> _Given data_:
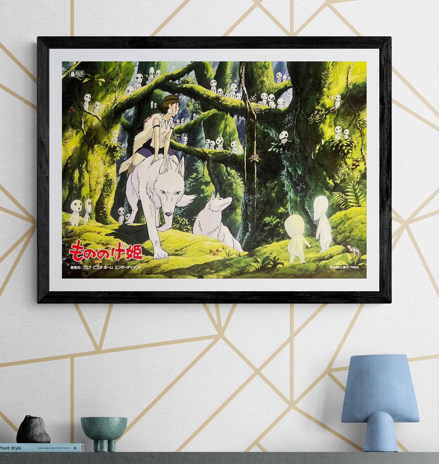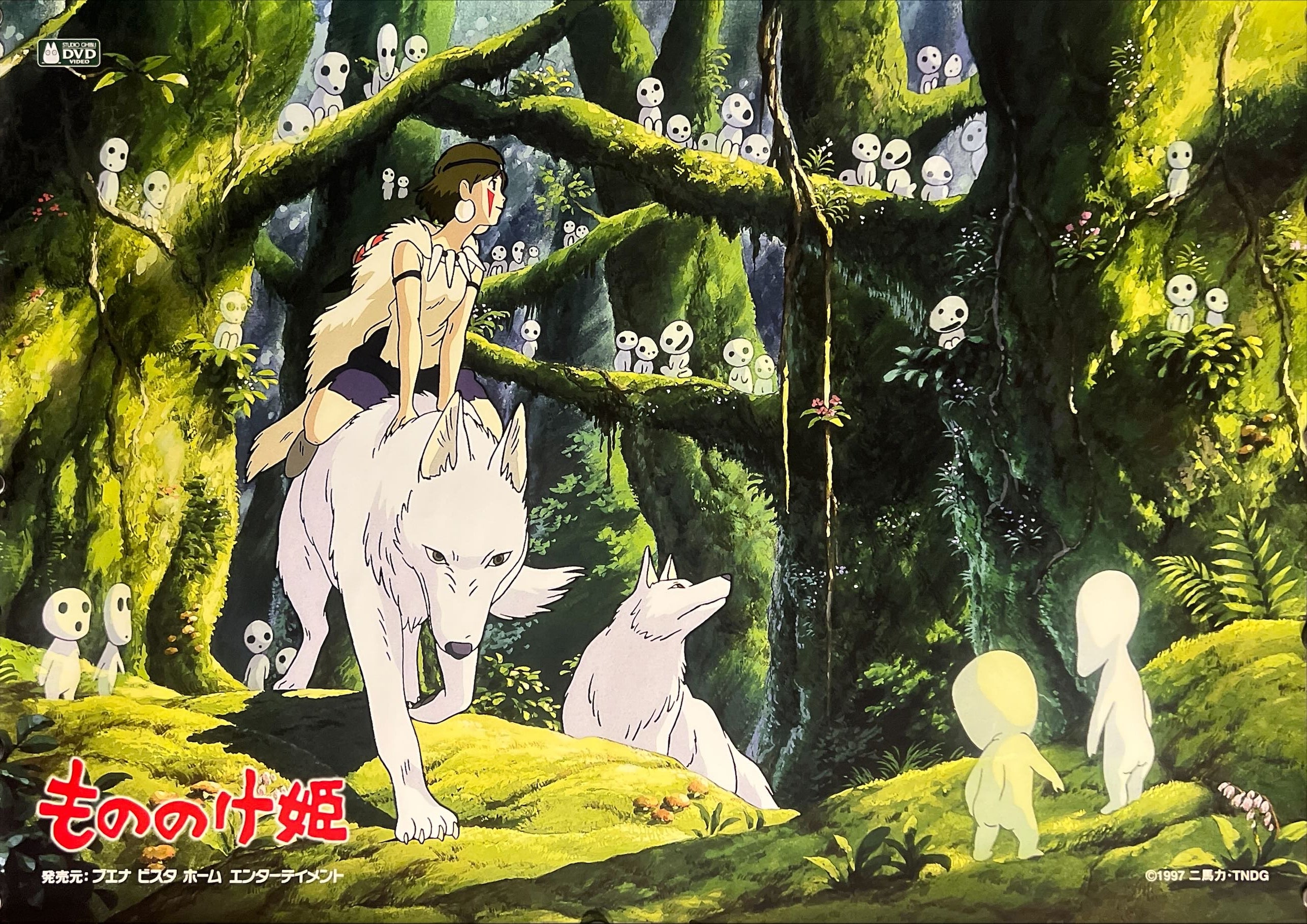 This DVD promotional poster features San astride her white wolf companion, surrounded by the eerie yet enchanting kodama spirits in a lush, painterly forest backdrop. The design captures Miyazaki’s ecological themes and the mystical atmosphere of the film. The bold red Japanese title 「もののけ姫」 is placed at the lower left, with DVD distributor details below, while the ©1997 Studio Ghibli credit appears in the lower corner. The imagery is instantly recognizable to fans of both Ghibli and global animation.
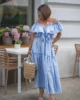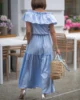 Charakterystycznym elementem tej sukienki jest regulowany dekolt typu carmen (hiszpanka), który można nosić na dwa sposoby – klasycznie, na ramionach, lub zmysłowo odsłaniając ramiona. Dzięki wszytemu wiązaniu w dekolcie, możesz dostosować jego szerokość do swojej sylwetki i preferowanego stylu. To idealne rozwiązanie dla kobiet o różnych kształtach – zarówno tych z większym biustem, jak i drobniejszych, które chcą optycznie zrównoważyć proporcje.
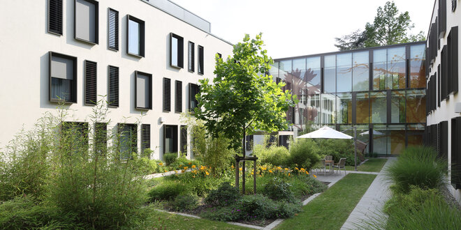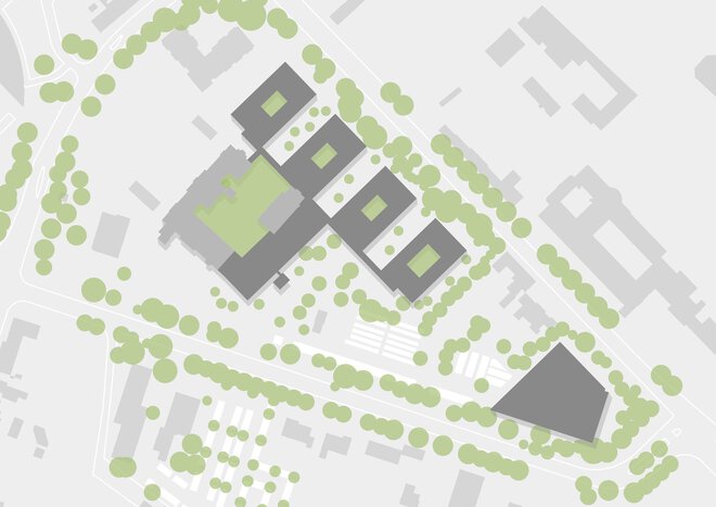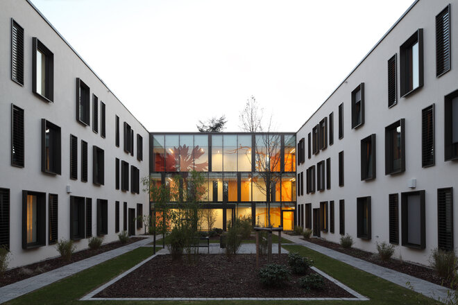Das Zentrum für seelische Gesundheit bildet eine große Einheit, die jedoch durch die Gliederung in Einzelbauteile den menschlichen Maßstab nicht verlässt: Die Patienten leben in Häusern mit kleinen Atrien. Die Gebäude selbst bilden einseitig offene Höfe, die den geschlossenen Stationen im Erdgeschoss den Blick auf unterschiedlich gestaltete Gärten ermöglichen.
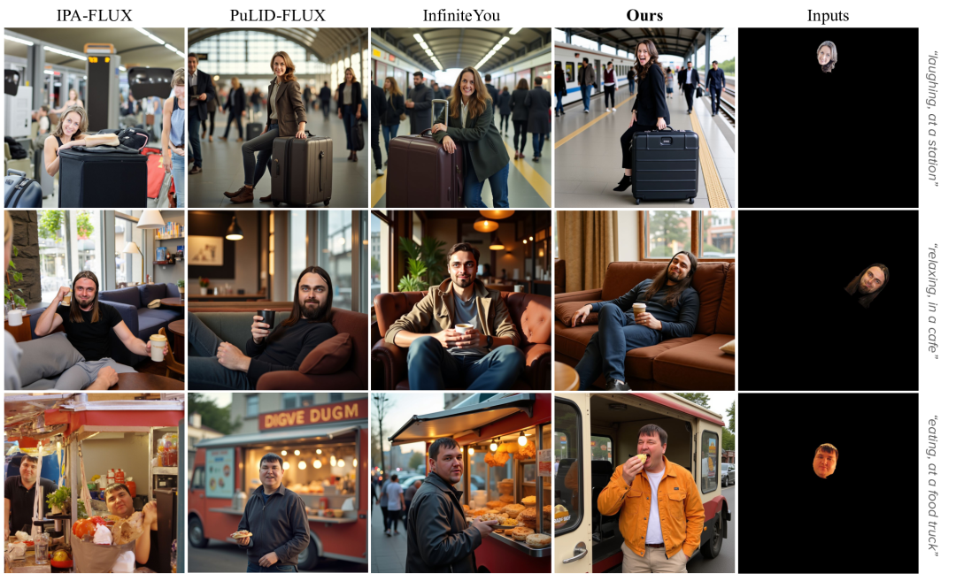 在保持身份一致的同时,能灵活生成不同表情与动作(如笑、闭眼、吃饭等),避免「贴脸」效果。

> _Problem details_: Could you write out the whole listing exactly, dropping the pictures?

> _Task answer_:
 This DVD promotional poster features San astride her white wolf companion, surrounded by the eerie yet enchanting kodama spirits in a lush, painterly forest backdrop. The design captures Miyazaki’s ecological themes and the mystical atmosphere of the film. The bold red Japanese title 「もののけ姫」 is placed at the lower left, with DVD distributor details below, while the ©1997 Studio Ghibli credit appears in the lower corner. The imagery is instantly recognizable to fans of both Ghibli and global animation.
 Charakterystycznym elementem tej sukienki jest regulowany dekolt typu carmen (hiszpanka), który można nosić na dwa sposoby – klasycznie, na ramionach, lub zmysłowo odsłaniając ramiona. Dzięki wszytemu wiązaniu w dekolcie, możesz dostosować jego szerokość do swojej sylwetki i preferowanego stylu. To idealne rozwiązanie dla kobiet o różnych kształtach – zarówno tych z większym biustem, jak i drobniejszych, które chcą optycznie zrównoważyć proporcje.
Das Zentrum für seelische Gesundheit bildet eine große Einheit, die jedoch durch die Gliederung in Einzelbauteile den menschlichen Maßstab nicht verlässt: Die Patienten leben in Häusern mit kleinen Atrien. Die Gebäude selbst bilden einseitig offene Höfe, die den geschlossenen Stationen im Erdgeschoss den Blick auf unterschiedlich gestaltete Gärten ermöglichen.
 在保持身份一致的同时,能灵活生成不同表情与动作(如笑、闭眼、吃饭等),避免「贴脸」效果。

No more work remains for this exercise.